_What to work on_
Make an exact copy, without pictures, of the lines below from the one containing "Giraffe Christmas Tree" to the last line, both ends included.

_Data shown_

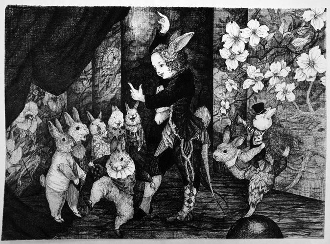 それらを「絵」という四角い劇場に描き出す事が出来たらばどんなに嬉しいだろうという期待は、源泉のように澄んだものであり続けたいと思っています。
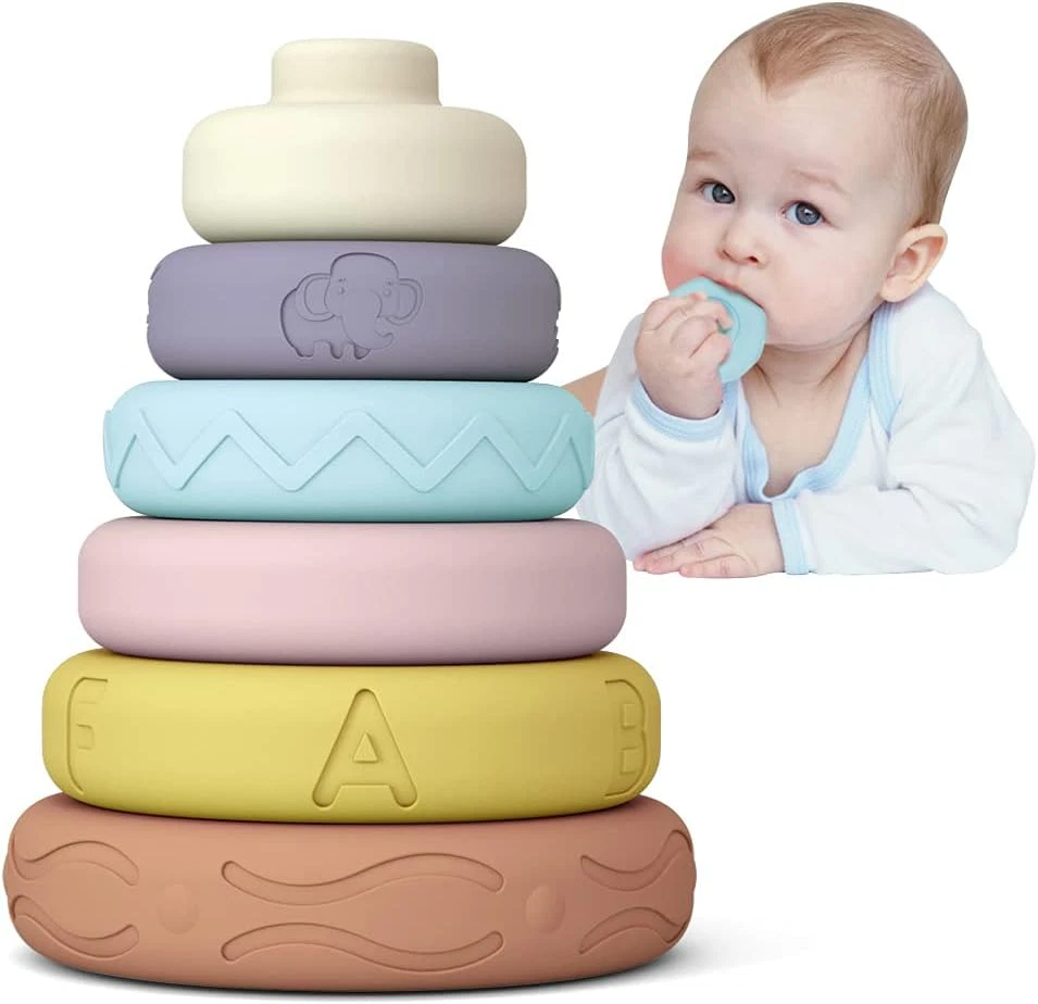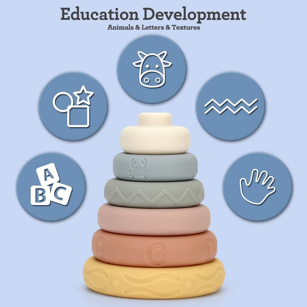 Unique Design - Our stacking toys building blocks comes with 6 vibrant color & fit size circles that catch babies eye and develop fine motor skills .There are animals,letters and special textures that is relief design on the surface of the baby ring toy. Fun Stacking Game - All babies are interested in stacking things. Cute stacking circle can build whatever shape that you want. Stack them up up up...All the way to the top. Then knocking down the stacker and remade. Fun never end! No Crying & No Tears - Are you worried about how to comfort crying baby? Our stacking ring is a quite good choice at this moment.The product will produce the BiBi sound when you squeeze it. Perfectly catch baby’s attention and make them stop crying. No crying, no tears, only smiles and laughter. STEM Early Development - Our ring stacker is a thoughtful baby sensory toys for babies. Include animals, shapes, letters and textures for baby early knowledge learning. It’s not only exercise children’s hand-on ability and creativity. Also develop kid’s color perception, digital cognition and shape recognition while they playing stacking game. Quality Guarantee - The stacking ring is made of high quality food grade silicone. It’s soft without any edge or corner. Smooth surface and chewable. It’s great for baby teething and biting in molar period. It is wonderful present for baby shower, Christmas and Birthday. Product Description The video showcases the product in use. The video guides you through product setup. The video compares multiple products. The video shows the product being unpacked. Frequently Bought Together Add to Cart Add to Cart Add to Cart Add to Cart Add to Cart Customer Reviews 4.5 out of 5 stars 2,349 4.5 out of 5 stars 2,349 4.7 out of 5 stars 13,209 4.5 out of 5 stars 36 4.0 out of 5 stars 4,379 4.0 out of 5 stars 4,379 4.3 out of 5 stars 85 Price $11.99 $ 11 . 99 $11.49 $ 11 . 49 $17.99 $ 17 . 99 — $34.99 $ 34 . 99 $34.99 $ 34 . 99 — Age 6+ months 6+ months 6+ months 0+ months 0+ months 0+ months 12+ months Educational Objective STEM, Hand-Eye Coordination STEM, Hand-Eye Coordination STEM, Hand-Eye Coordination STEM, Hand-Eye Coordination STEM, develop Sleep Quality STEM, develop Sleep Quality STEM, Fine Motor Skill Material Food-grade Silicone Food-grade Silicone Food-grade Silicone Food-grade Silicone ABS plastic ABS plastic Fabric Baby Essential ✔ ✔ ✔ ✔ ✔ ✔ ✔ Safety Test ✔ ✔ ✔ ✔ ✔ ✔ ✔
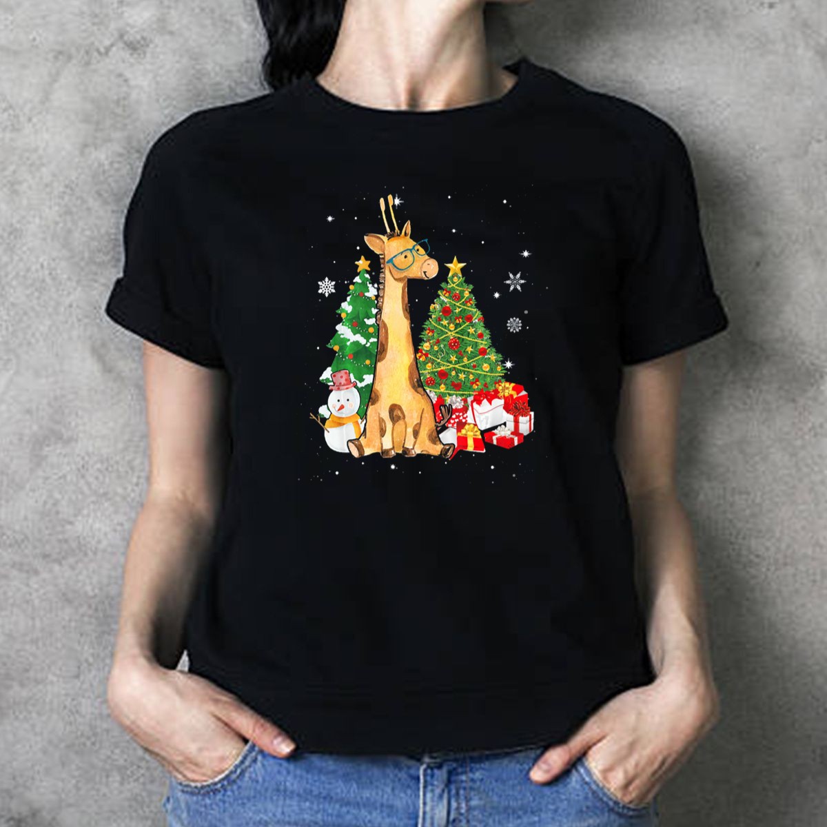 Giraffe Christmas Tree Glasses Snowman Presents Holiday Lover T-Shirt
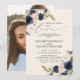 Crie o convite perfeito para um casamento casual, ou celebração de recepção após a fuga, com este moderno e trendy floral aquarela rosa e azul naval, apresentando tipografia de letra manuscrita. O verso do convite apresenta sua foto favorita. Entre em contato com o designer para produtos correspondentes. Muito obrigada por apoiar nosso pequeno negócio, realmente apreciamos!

_Solution to the problem_
 Giraffe Christmas Tree Glasses Snowman Presents Holiday Lover T-Shirt
 Crie o convite perfeito para um casamento casual, ou celebração de recepção após a fuga, com este moderno e trendy floral aquarela rosa e azul naval, apresentando tipografia de letra manuscrita. O verso do convite apresenta sua foto favorita. Entre em contato com o designer para produtos correspondentes. Muito obrigada por apoiar nosso pequeno negócio, realmente apreciamos!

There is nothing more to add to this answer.